Print All Process On The Server
ps ax
ps axu

Want To Print A Process Tree?
ps -ejH
ps axjf
pstree

Get Security Information of Linux Process
ps -eo euser,ruser,suser,fuser,f,comm,label
ps axZ
ps -eM

Let Us Print Every Process Running As User Vivek
ps -U vivek -u vivek u

Configure ps Command Output In a User-Defined Format
ps -eo pid,tid,class,rtprio,ni,pri,psr,pcpu,stat,wchan:14,comm
ps axo stat,euid,ruid,tty,tpgid,sess,pgrp,ppid,pid,pcpu,comm
ps -eopid,tt,user,fname,tmout,f,wchan

Try To Display Only The Process IDs of Lighttpd
ps -C lighttpd -o pid=

OR
pgrep lighttpd

OR
pgrep -u vivek php-cgi

Print The Name of PID 55977
ps -p 55977 -o comm=

Top 10 Memory Consuming Process
ps -auxf | sort -nr -k 4 | head -10

Show Us Top 10 CPU Consuming Process
ps -auxf | sort -nr -k 3 | head -10

See "Show All Running Processes in Linux" for more info.

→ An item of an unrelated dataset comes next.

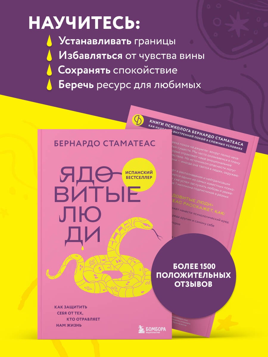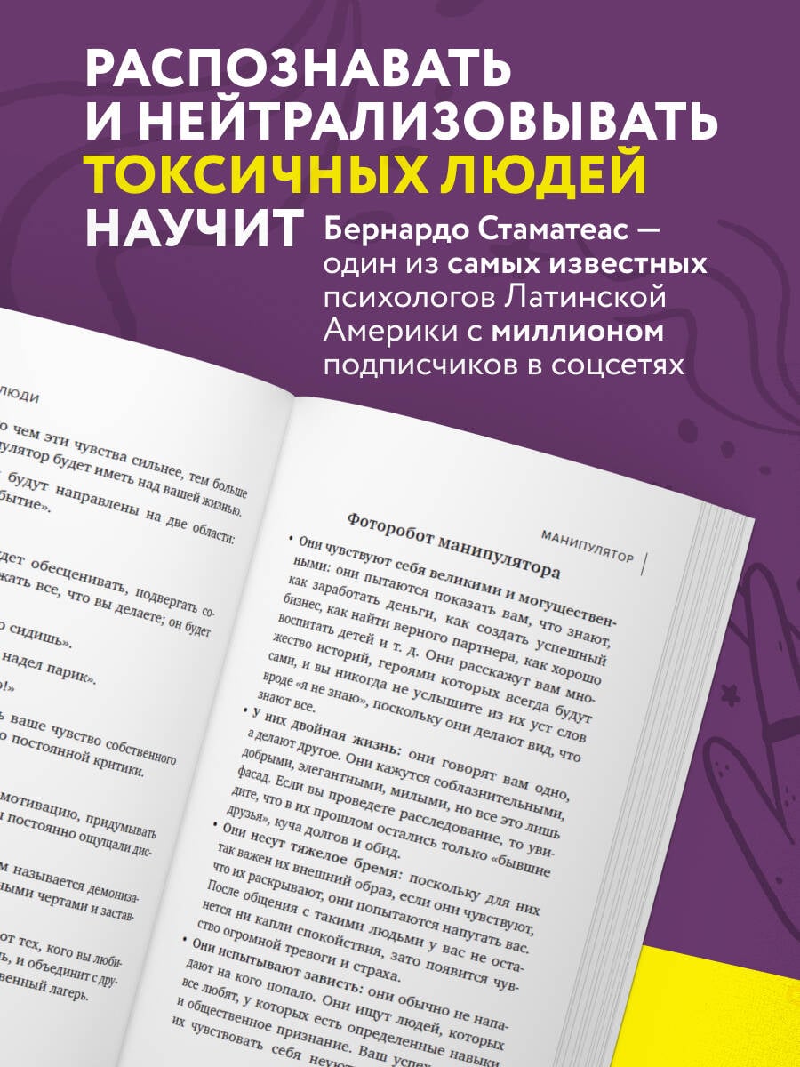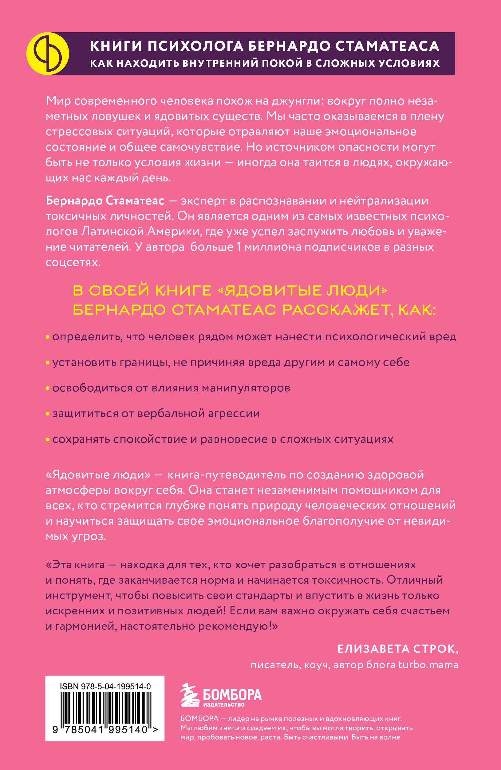 Мир современного человека похож на джунгли: вокруг полно незаметных ловушек и ядовитых существ. Мы часто оказываемся в плену стрессовых ситуаций, которые отравляют наше эмоциональное состояние и общее самочувствие. Но источником опасности могут быть не только условия жизни - иногда она таится в людях, окружающих нас каждый день. Бернардо Стаматеас - эксперт в распознавании и нейтрализации токсичных личностей. Он является одним из самых известных психологов Латинской Америки, где уже успел заслужить любовь и уважение читателей. У автора больше 1 миллиона подписчиков в разных соцсетях. В своей книге «Ядовитые люди» Бернардо Стаматеас расскажет, как: • определить, что человек рядом может нанести психологический вред; • установить границы, не причиняя вреда другим и самому себе; • освободиться от влияния манипуляторов; • защититься от вербальной агрессии; • сохранять спокойствие и равновесие в сложных ситуациях. «Ядовитые люди» - книга-путеводитель по созданию здоровой атмосферы вокруг себя. Она станет незаменимым помощником для всех, кто стремится глубже понять природу человеческих отношений и научиться защищать свое эмоциональное благополучие от невидимых угроз. «Эта книга - находка для тех, кто хочет разобраться в отношениях и понять, где заканчивается норма и начинается токсичность. Отличный инструмент, чтобы повысить свои стандарты и впустить в жизнь только искренних и позитивных людей! Если вам важно окружать себя счастьем и гармонией, настоятельно рекомендую!» - Елизавета Строк, писатель, коуч, автор блога turbo.mama| Издательство | ООО "Издательство "Эксмо" |
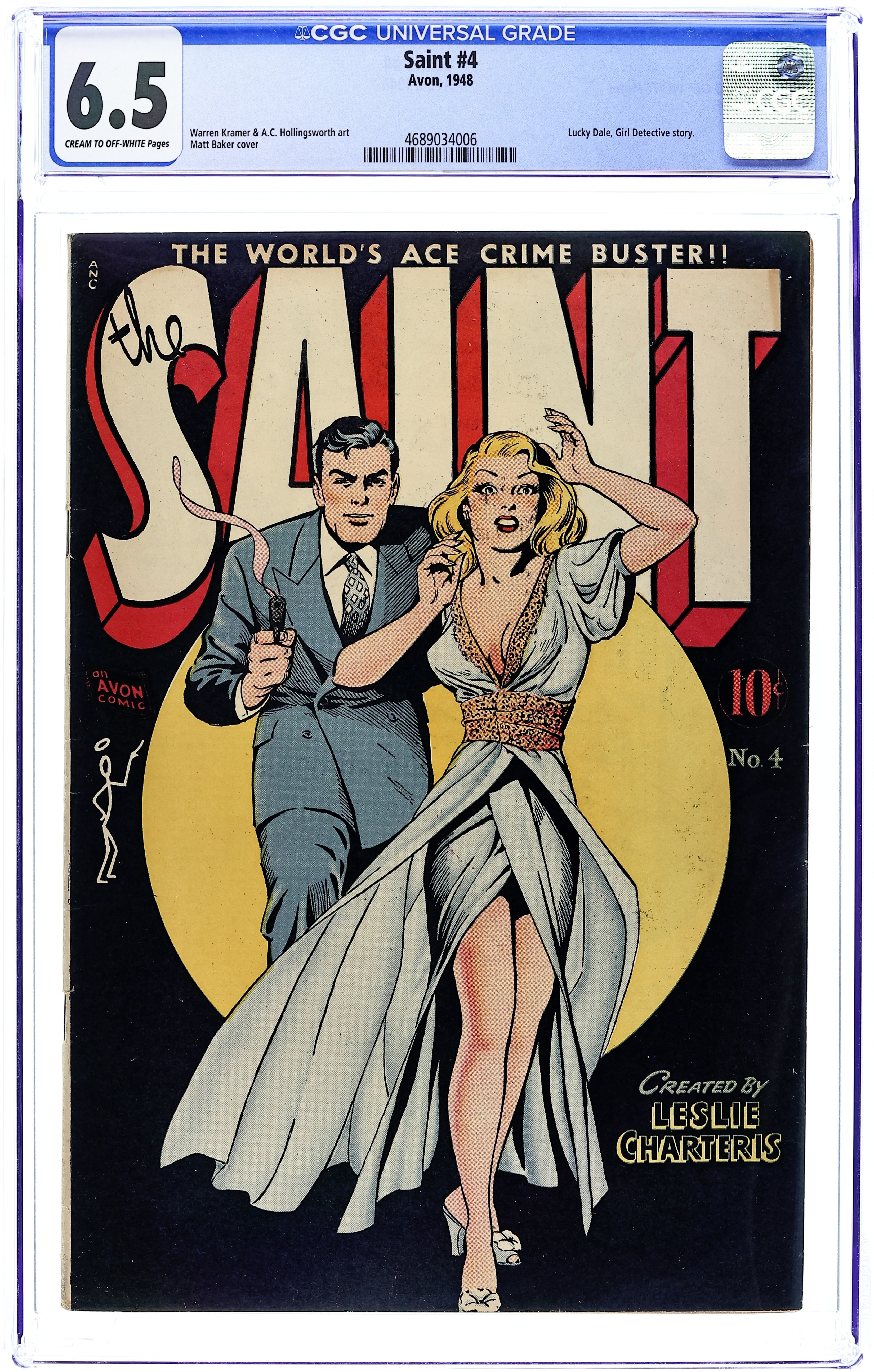 Stories by Walter Johnson and others. Art by Warren Kremer, Alvin Hollingsworth and Walter Johnson. Cover by Matt Baker. The first comic book featuring Leslie Charteriss adventurer Simon Templar, better known as The Saint, timed to coincide with the concurrent Saint radio show starring Vincent Price. The Saint stalks a killer backstage at a pirate play; Photojournalist Flash Harper catches an arsonist in action in his latest photo; Lucky Dale, Girl Detective, finds danger at sea while vacationing on a houseboat. Also featuring a Flash Harper story and a classic cover by legendary good-girl artist Matt Baker. The Saint Steals the Show; Operation Blackout: The Mole; Terror in the Night; Do You Know?; The Saint Plays Nursemaid! 32 pages, Full Color. Cover price $0.10.

6. free – Show Linux server memory usage
The free command shows the total amount of free and used physical and swap memory in the system, as well as the buffers used by the kernel.
free

Session from my Linux home server system:

            total      used      free    shared    buffers    cached
Mem:      12302896    9739664    2563232          0    523124    5154740
-/+ buffers/cache:    4061800    8241096
Swap:      1052248          0    1052248
See the following resources for more info:

Linux Find Out Virtual Memory PAGESIZE
Linux Limit CPU Usage Per Process
How much RAM does my Ubuntu / Fedora Linux desktop PC have?
7. iostat – Montor Linux average CPU load and disk activity
We use the iostat command to report Central Processing Unit (CPU) statistics and input/output statistics for devices, partitions and network filesystems (NFS) under Linux operating sytems. For example:
iostat

From my RHEL 5 server:


Linux 2.6.18-128.1.14.el5 (www03.nixcraft.in)    06/26/2009

avg-cpu:  %user  %nice %system %iowait  %steal  %idle
          3.50    0.09    0.51    0.03    0.00  95.86

Device:            tps  Blk_read/s  Blk_wrtn/s  Blk_read  Blk_wrtn
sda              22.04        31.88      512.03  16193351  260102868
sda1              0.00        0.00        0.00      2166        180
sda2            22.04        31.87      512.03  16189010  260102688
sda3              0.00        0.00        0.00      1615          0
See "Linux Track NFS Directory / Disk I/O Stats" for more info.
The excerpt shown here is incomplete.